A 50% Bitcoin drop before December is unconfirmed, risks elevated
New cycle commentary circulating in the market claims Bitcoin could lose half its value before December. That outcome remains unconfirmed: available institutional research and recent market reports point to elevated downside risks, but not a definitive 50% drawdown on a fixed timetable.
The risk case hinges on how prior cycles behaved around major trend lines and whether institutional demand weakens at key support zones. For now, the evidence supports a conditional scenario, one that requires additional technical confirmation and stress in flows, rather than a base case.
What new cycle data says and why it matters now
Cycle studies emphasize that deeper drawdowns often coincide with the loss of long-duration moving averages and with markets probing the cost bases of large holders, including spot Bitcoin ETFs and corporate treasuries. If those zones fail, selling can accelerate, but the timeline and depth vary meaningfully by cycle.
On the institutional side, banks have flagged softer momentum and a thinner bid from corporate “treasury company” buyers, a combination that can amplify volatility during risk-off episodes.
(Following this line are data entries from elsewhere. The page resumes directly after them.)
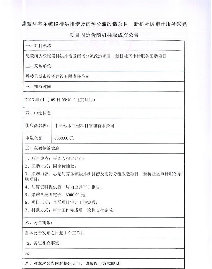 思蒙河齊樂鎮(zhèn)段排洪排澇及雨污分流改造項(xiàng)目--新橋社區(qū)審計(jì)服務(wù)采購(gòu)項(xiàng)目固定價(jià)隨機(jī)抽取成交公告
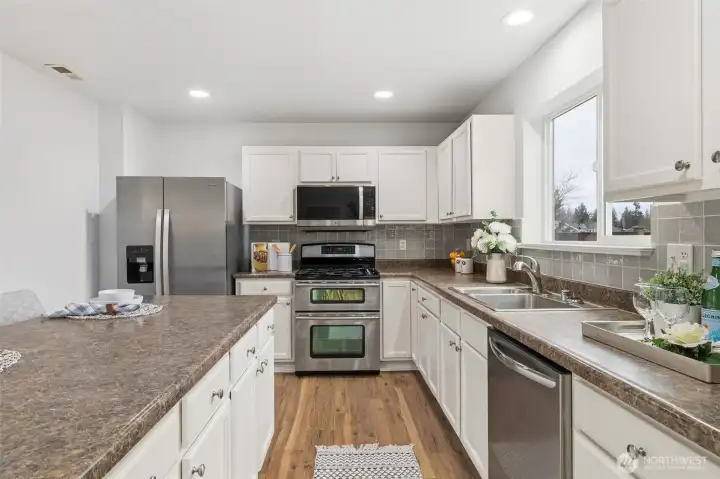Welcome home to Pasadera Heights! This residence is defined by its expansive proportions and thoughtful use of space, offering airy, inviting interiors that are as functional as they are comfortable. Flooded with natural light from oversized windows, this home feels open and uplifting. The top floor features three oversized bedrooms, all with walk-in closets, and two full bathrooms, along with a generous sitting area that can easily convert into a fourth bedroom. Recent updates include a brand-new roof (2026), a new water heater (2026), hardwood floor throughout and fresh interior paint. Thoughtful design ensures generous storage everywhere—combining style and practicality. Enjoy a private, fully fenced backyard and territorial or mountain views. Ideally located just minutes from Lake Stevens Costco and the Frontier Village shopping area, within the highly regarded Lake Stevens School District. The neighborhood offers quiet, well-maintained streets, internal walking trails, private playgrounds, and basketball courts, and is close to Cavalero Hill Community Dog Park. Pre-inspection available.
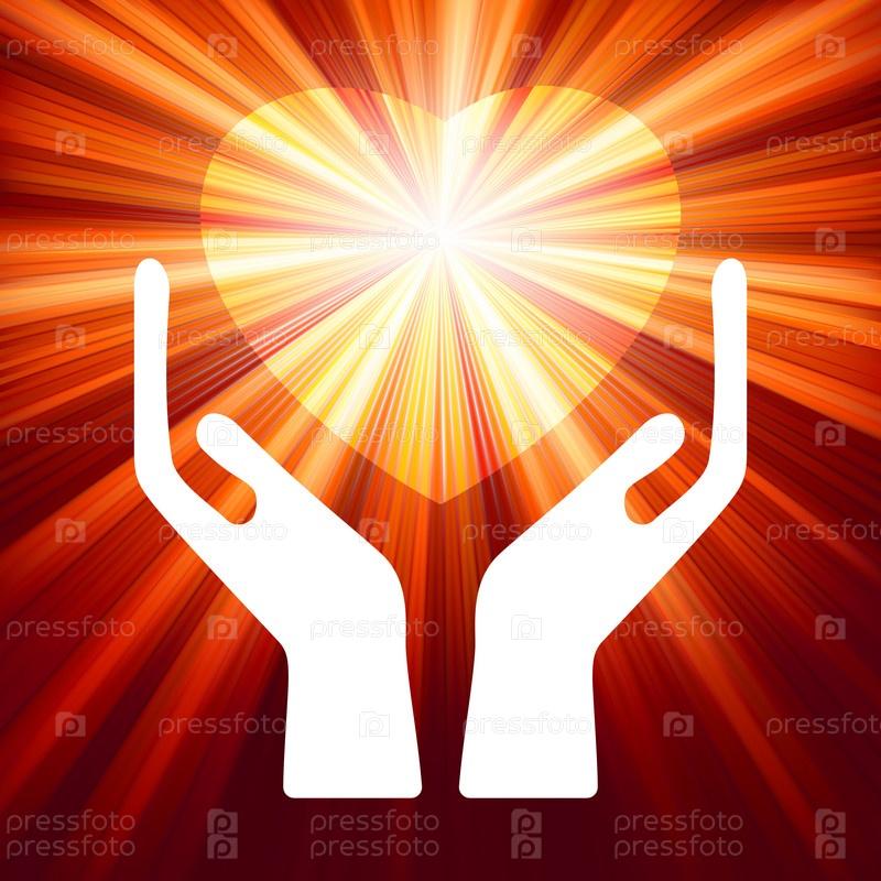 Сердце и ладони на ярком фоне
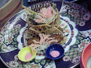 揚げ物は、タラの芽、タケノコ、その他山菜で、梅塩で食べました。うまいですよー。

According to Standard Chartered, reduced enthusiasm from these buyers has been a notable feature of the latest phase, implying any break of major supports could see less immediate cushioning from that cohort.
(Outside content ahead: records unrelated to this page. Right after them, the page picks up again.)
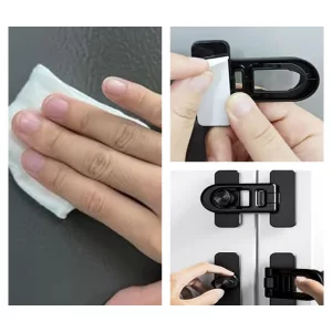 Kjøpte denne lille låsen til når barnebarnet mitt er på besøk. Den settes på raskt, uten boring, og han klarer ikke å rikke døren i det hele tatt, uansett hvor hardt han drar.
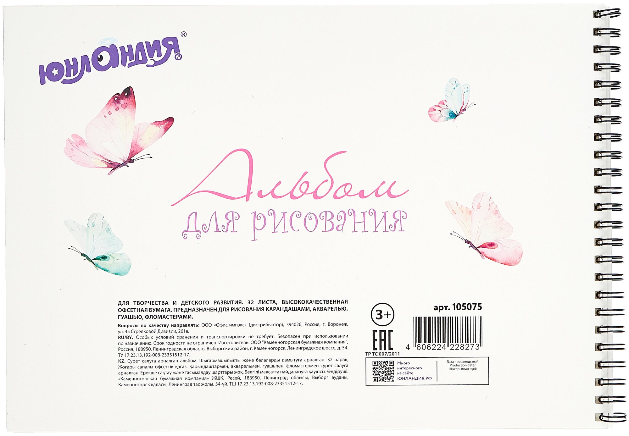 Альбом для рисования, А4, 32 листа, гребень, обложка картон, юнландия, 205х290 мм, "Цветочный сад" (1 вид), 105075 информация:
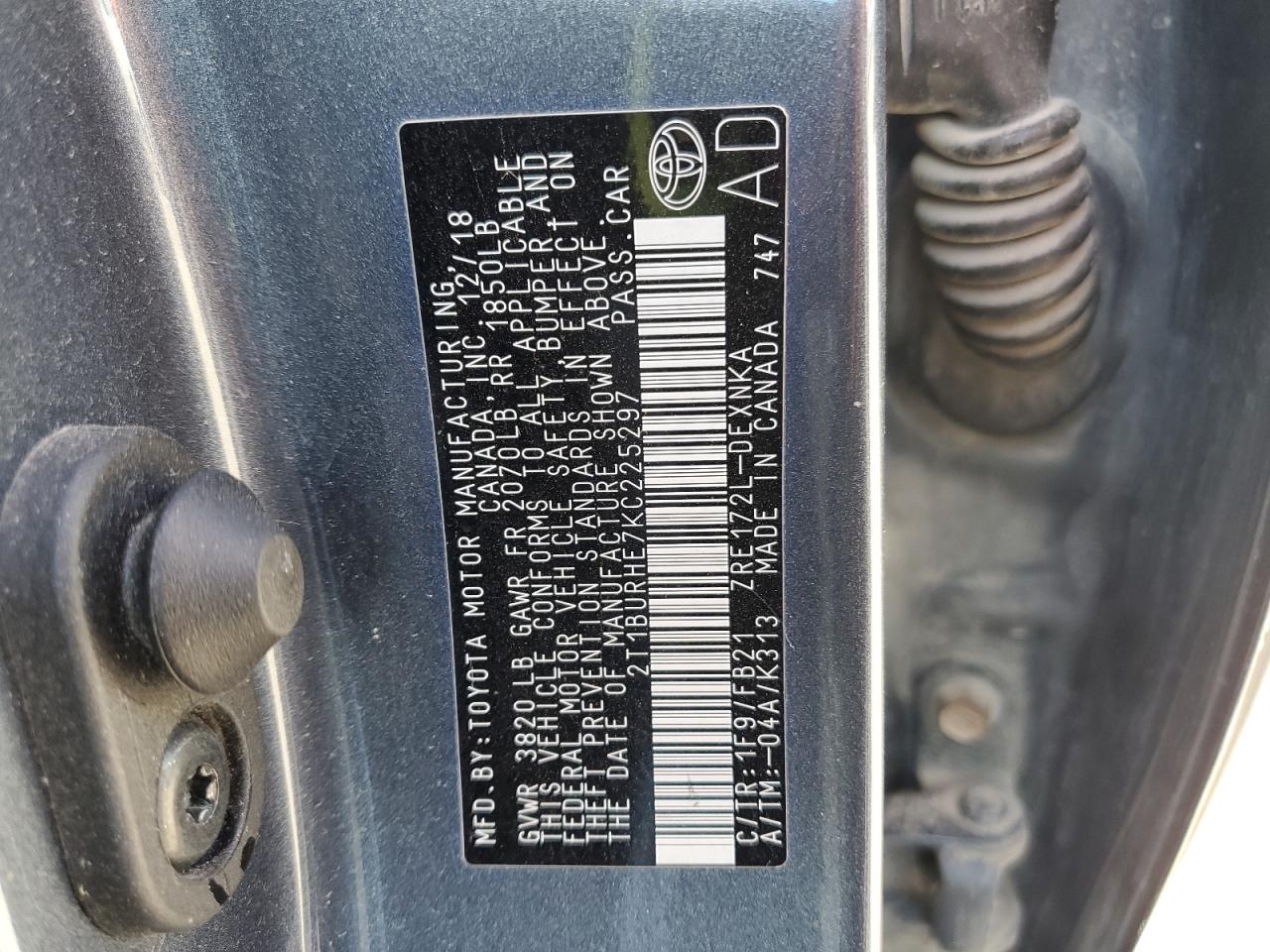 Машина оснащена 4 цилиндровым двигателем объемом 1.8 литров. Коробка передач - автомат. Тип топлива данной модели – бензин. Согласно фотоотчету с аукциона Copart пробег составляет 194 058 км. Номер кузова VIN - 2T1BURHE7KC******.

“Historically, BTC hasn’t stopped at a ~40% drawdown without moving toward ~50% within a three-month window, especially after the 50-week moving average has been lost,” said Alex Thorn, Head of Research at Galaxy Digital. This is an observation from prior cycles, not a guarantee for the current one, and it underscores why technicians are focused on weekly-trend confirmation before assigning higher conviction to a deeper decline.
Technical signals and levels: drawdown history, 50-week MA, supports
The 50-week moving average is a widely watched trend filter because sustained moves below it have often preceded extended corrective phases in prior crypto cycles. Drawdown clusters near that line typically act as “decision zones,” where either trend repair begins or a larger retracement unfolds. Traders also assess multi-cycle drawdown bands to judge whether current stress aligns with historical mid-cycle behavior or something more severe.
At the time of this writing, recent weekend trading reports noted Bitcoin dropped about 4% to $63,956 after U.S. and Israeli strikes on Iran triggered risk aversion, according to TS2. Such event-driven moves can distort short-term signals, so technicians tend to confirm any break with follow-through across multiple sessions and on weekly closes.
Sellers also returned late in the week, taking prices roughly 5.5% below a midweek high to the mid‑$65,000s, as reported by Cointelegraph. Moves of this magnitude within days are consistent with a high‑volatility regime, which is why many analysts require a confluence of factors, weekly-trend loss, failed retests, and weaker institutional flows, before treating a 50% drawdown scenario as anything more than an elevated risk, not a baseline.